In describing the need for the project, Leffring used the existing nursing home, which opened in 1960, as an example.

“While the facility has been well-maintained, it needs to be updated,” Leffring said. “The existing home has many design challenges one would expect from a facility that old. First, there are the cinderblock walls. They interfere with Wi-Fi signals. Also, the building just requires a lot of maintenance.” Additionally, many of Methodist Village’s units feature shared baths that are out of sync with what seniors of today — and those coming up in the so-called “Silver Tsunami” of Boomer generation retirees — expect, Leffring said.

“Seniors today are focused on their personal dignity. At our new facility, it will all be private baths, and you won’t have people sharing rooms in a way that was quite common in the ‘60s. You won’t find anybody building that way now because seniors today and seniors coming up don’t want that. It’s all about residential living versus institutional living,” Leffring said.

JOBS, SALARY IMPACT
Methodist Village’s expansion of services will result in the full-time equivalent of 27 new jobs and an additional $1 million in payroll (combined salary and benefits) to the Fort Smith region.

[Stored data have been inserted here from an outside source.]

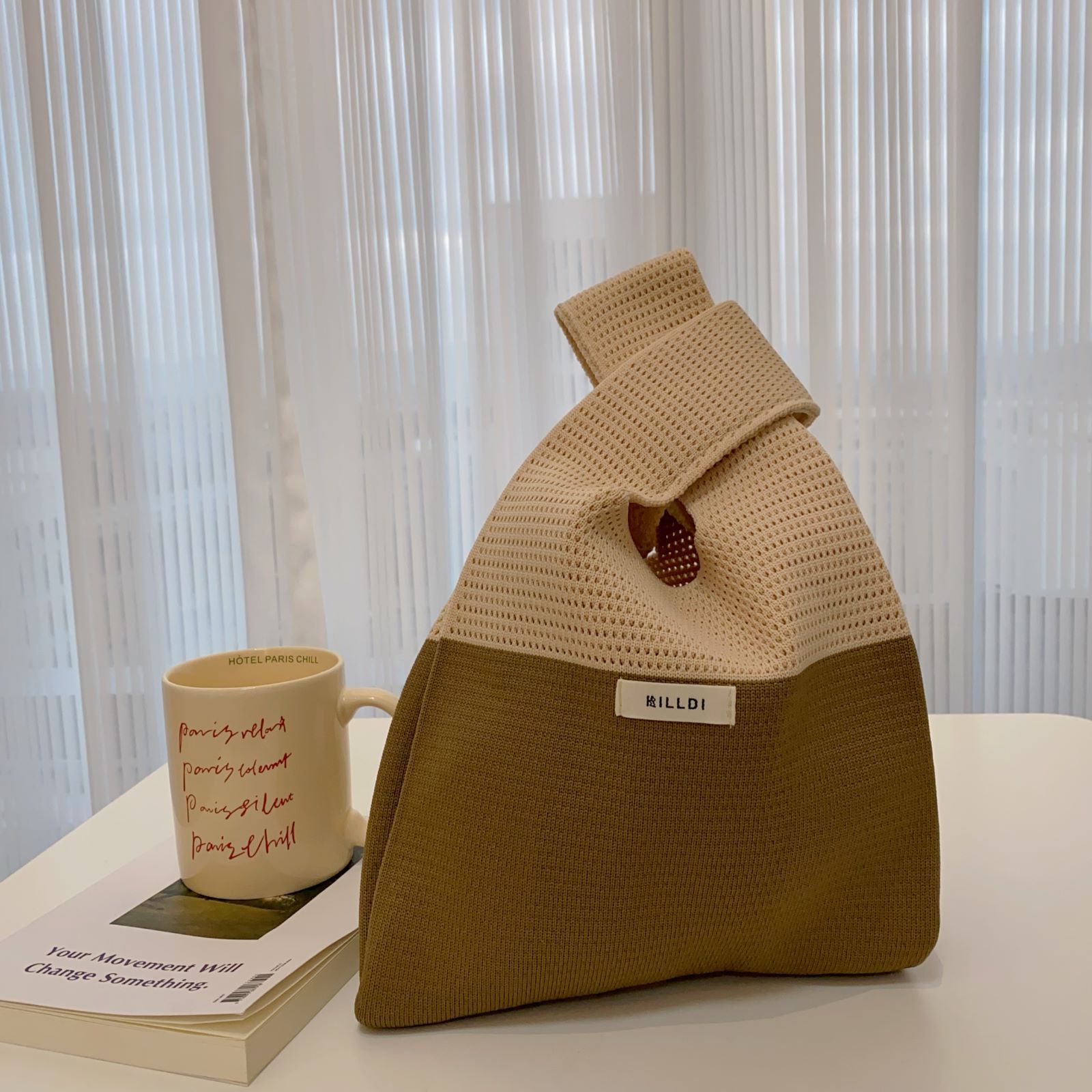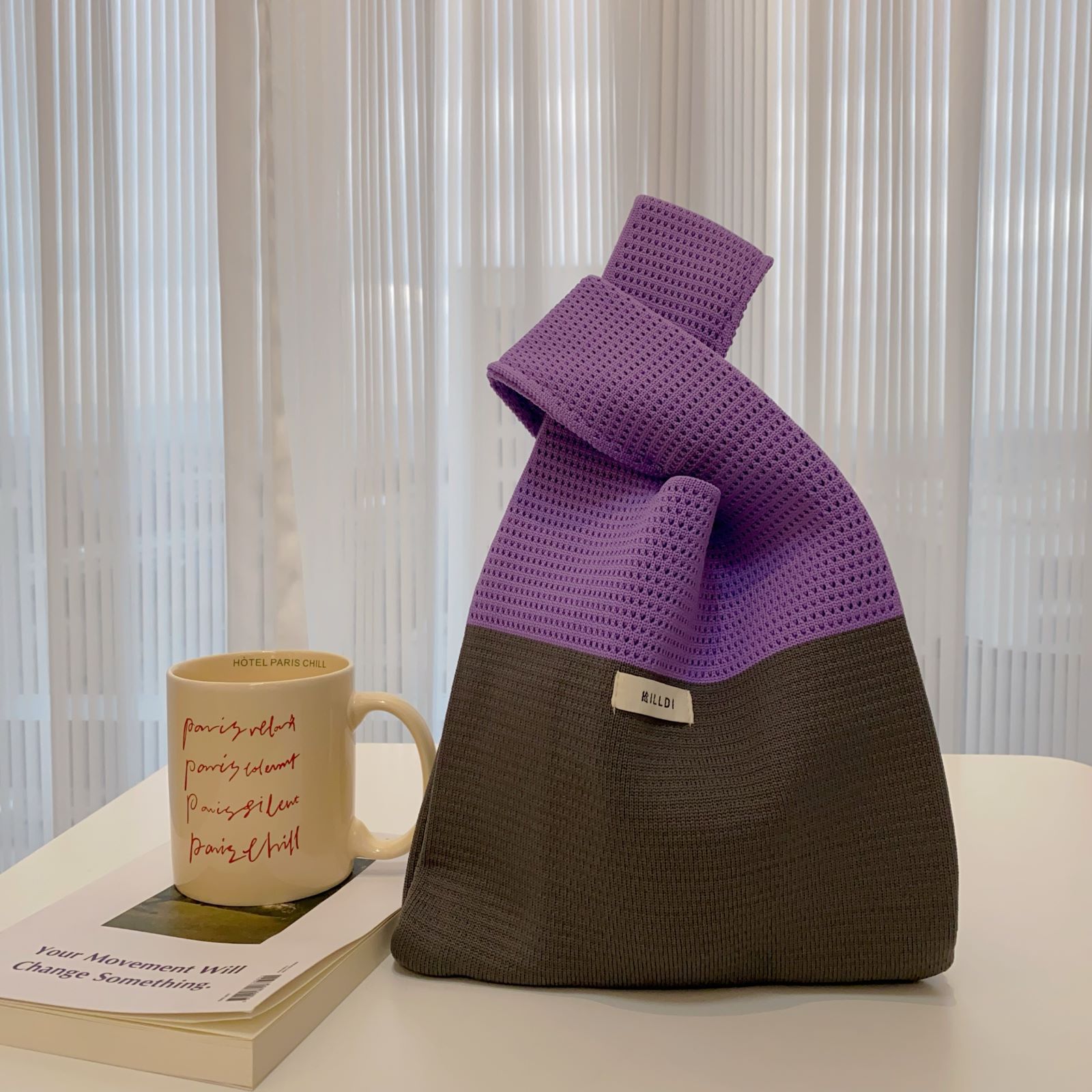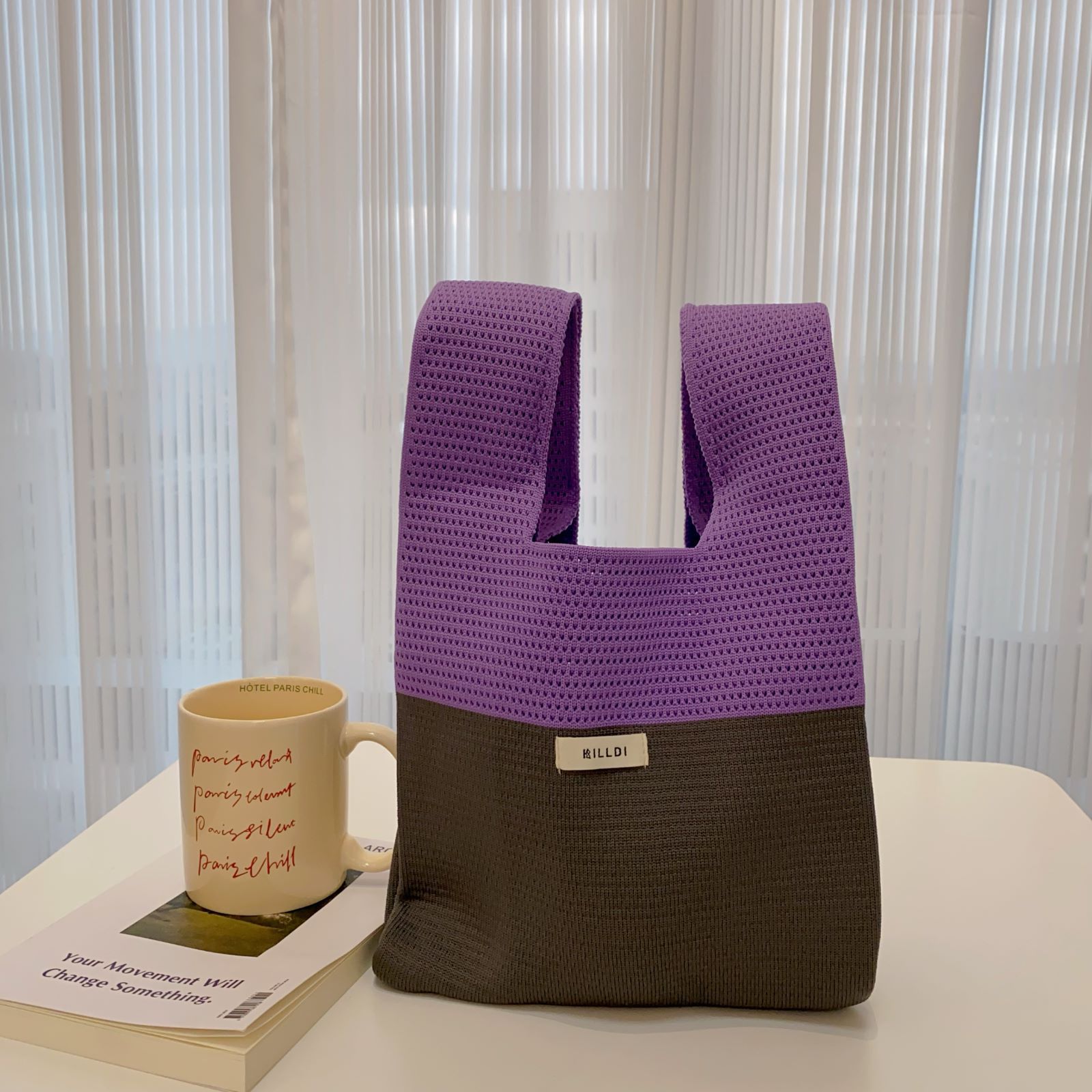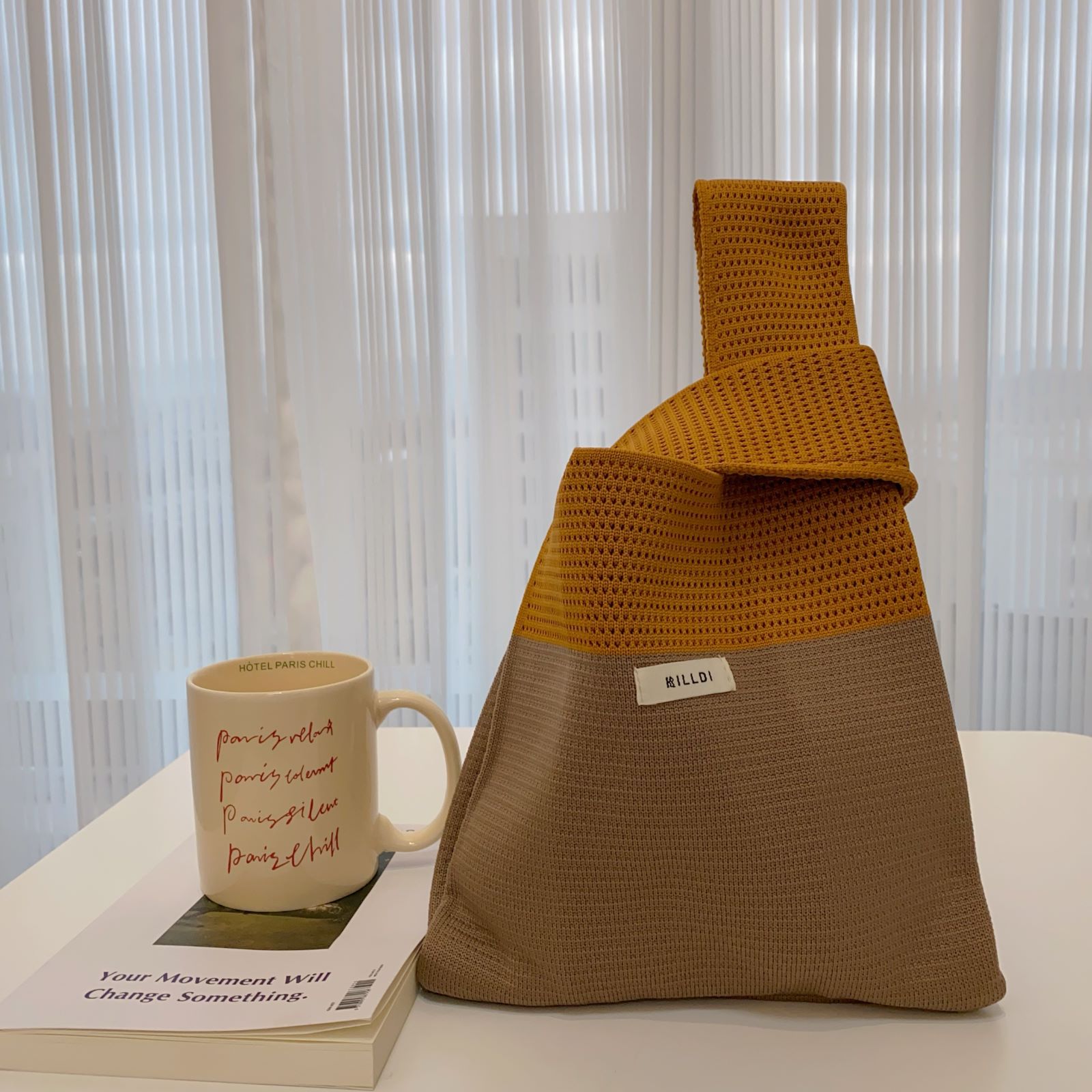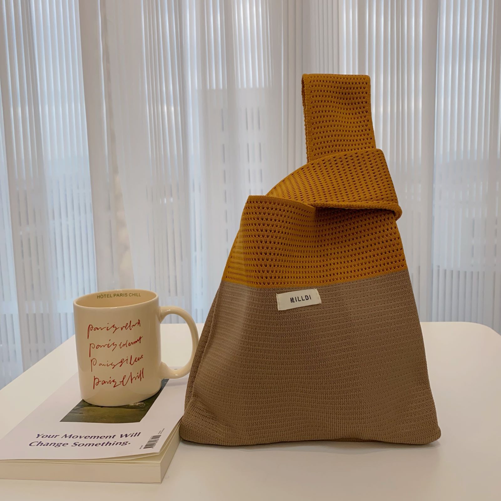 시장 트렌드 더블 매칭 대비 컬러 니트 백 봄과 여름 중공 짠 도파민 소녀 손 가방 버킷 백스토어 가기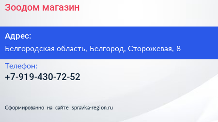 Зоодом, магазин по адресу Белгородская область, Белгород, Сторожевая, 8 в дальнейшем Организация, размещена в следующих категориях: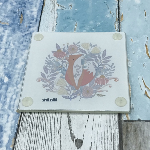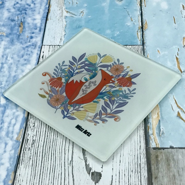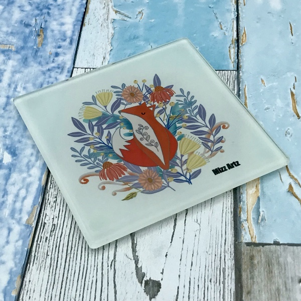 A high quality toughened glass coaster featuring my original artwork ‘Foxy Business’. A happy fox takes a quick nap, hiding out safely in the flowers and leaves. A beautiful and practical gift for all fox lovers and collectors of fox artwork. Size 10cm x 10 cm

“With phase one, it’s an average of about $37,000 per employee,” Leffring said. “You’ll have some that are less than that and some that are more. That’s a projection that looks out to 2020, which will be our first year of stabilization. There will also be lots of construction jobs for 12 months as we build it out.”

Methodist Village employs 160 full- and part-time employees. After the three phases are complete, Leffring expects the number to be more than 200 employees with the first 27 added in 2017 and the rest during phase III.